SA Innovation Summit to host Swiss-South African Pitch Battle
The challenges of social distancing provided the summit an opportunity to cater to a bigger global audience and the event plans to leverage on the benefits of going digital.
The SA Innovation Summit is a major public gathering on the South African calendar, showcasing, connecting, capacitating, and originating the best start-up talent from Africa to the world. It has done so for 13 years and made billions of Rands worth of deals possible for African entrepreneurs.
How the contest will work
Ten Swiss and 10 South African start-ups will compete against each other in front of a global audience and investors to gain exposure in the South African market.
Twenty teams will be divided into four groups of five. Finalists will be narrowed down to one finalist from each group who will move on to a Q&A session in round two, where only two finalists will be chosen to move on to round three. The remaining two finalists will battle it out for their respective country with a one-minute pitch.
All 20 start-ups will be loaded onto a gamification app called Pre. Attendees will invest PreMoney (mock-money) into the start-ups and give them valuable, real-time feedback as the pitch battle unfolds. The final champion will then be decided by public votes and investments on the Pre app.
Partnerships formed to make contest possible
Audrey Verhaeghe, chairperson of the SA Innovation Summit, says: “Let the battle begin. Going digital has enabled many new possibilities.”
This is all made possible through the partnership between the SA Innovation Summit, the Technology and Innovation Agency (Tia), the University of Basel, and Venture Labs as part of the Swiss South African Business Development Programme.
Tia is a national public entity that serves as the key institutional intervention to bridge the innovation chasm between research and development from higher education institutions, science councils, public entities, and the private sector, and commercialisation.

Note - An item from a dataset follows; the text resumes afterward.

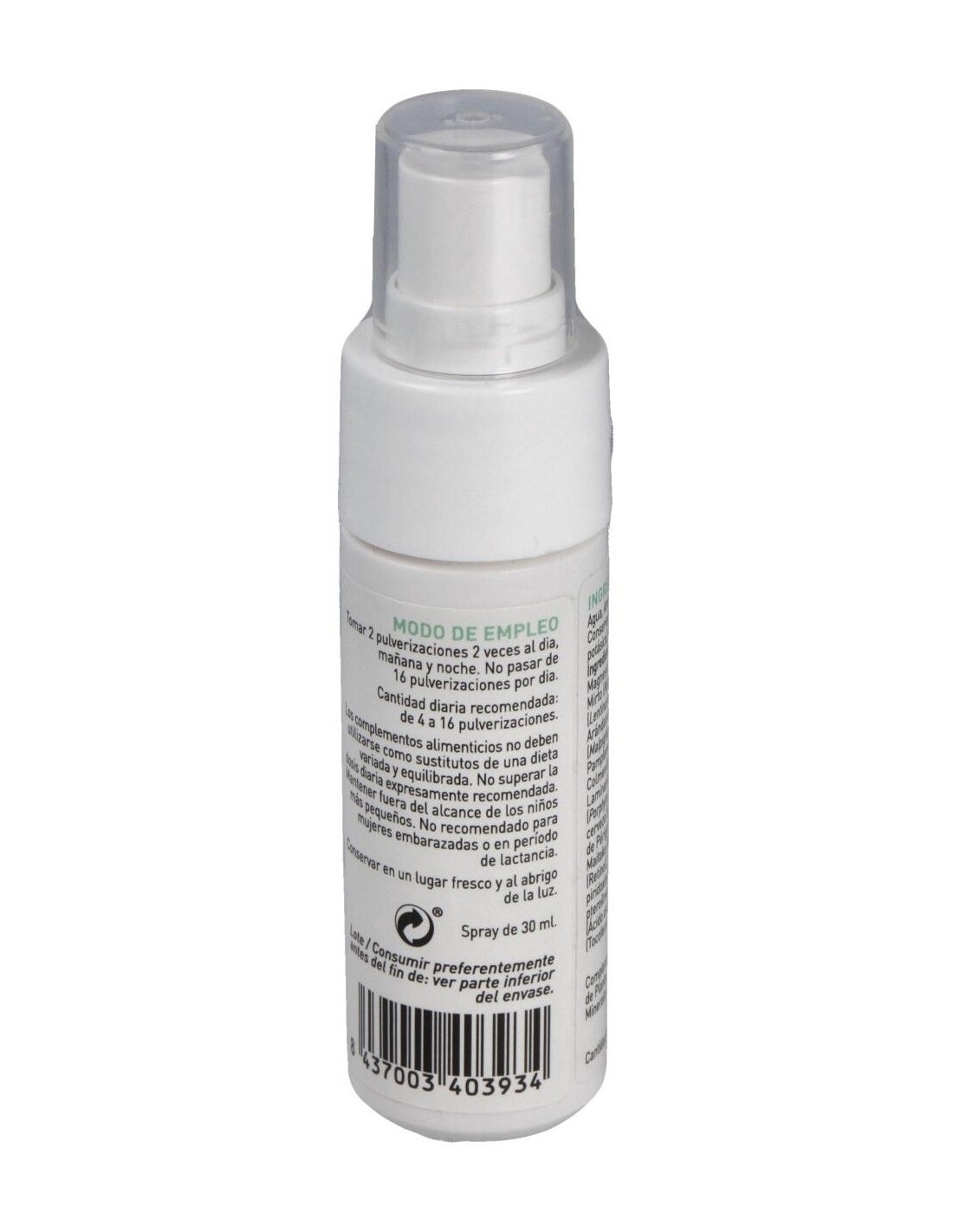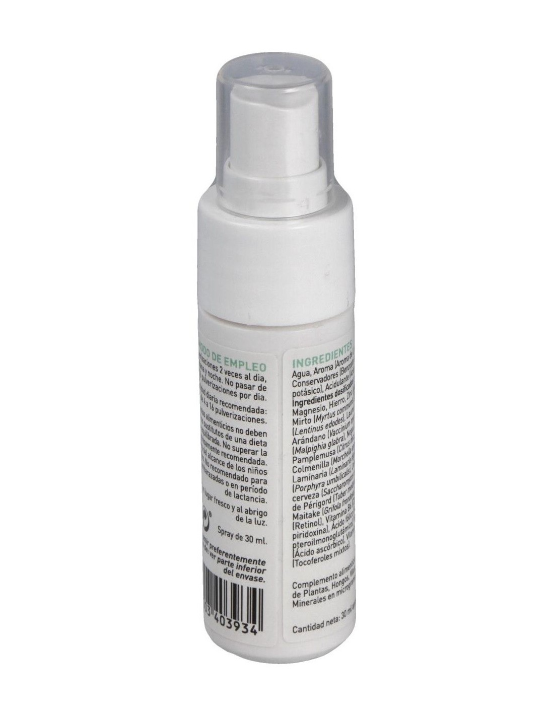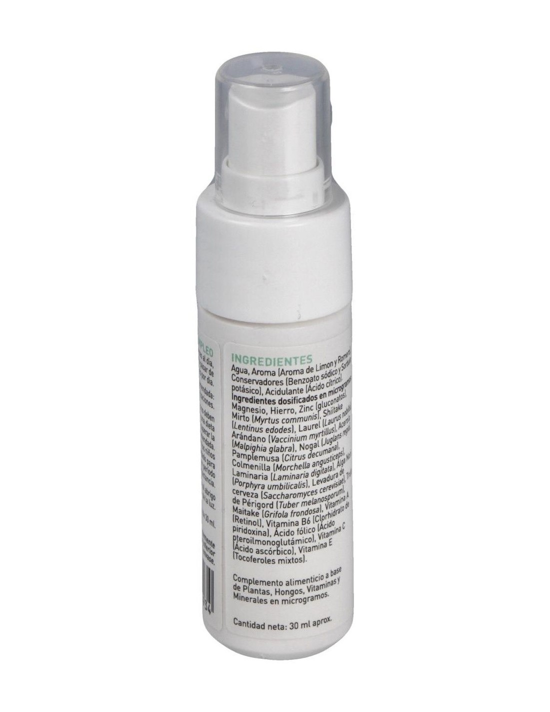 Complemento alimenticio en spray que está especialmente ideado para ayudar a apoyar a las defensas naturales con micronutrientes de calidad, como por ejemplo cuando se acerca el invierno, durante epidemias o periodos de estrés, fatiga y vulnerabilidad o personas con deficiencias inmines, gracias a su compuesto elaborado a base de hierbas, setas, vitaminas y minerales en microgramos. No está recomendado para mujeres embarazadas o lactantes.

For the past nine years, and in partnership with the University of Basel and the Swiss Embassy in South Africa, the Swiss South Africa Joint Research Programme has supported hundreds of entrepreneurs and innovators to progress the business and market readiness levels of their projects.
“The Swiss South Africa Business Development Programme allowed us the opportunity to restructure our business and to articulate our value proposition. The participation and mileage received from the PitchFest enabled us to attract funding from Tia and other institutions. We are still realising the benefits from our participation,” shares Bandile Dlabantu of Khepri Innovations.
The Swiss Embassy and its partners are embracing digital platforms such as the SAIS2020 Virtual365 Edition to build on ten years of entrepreneurial and innovation collaboration between Switzerland and South Africa.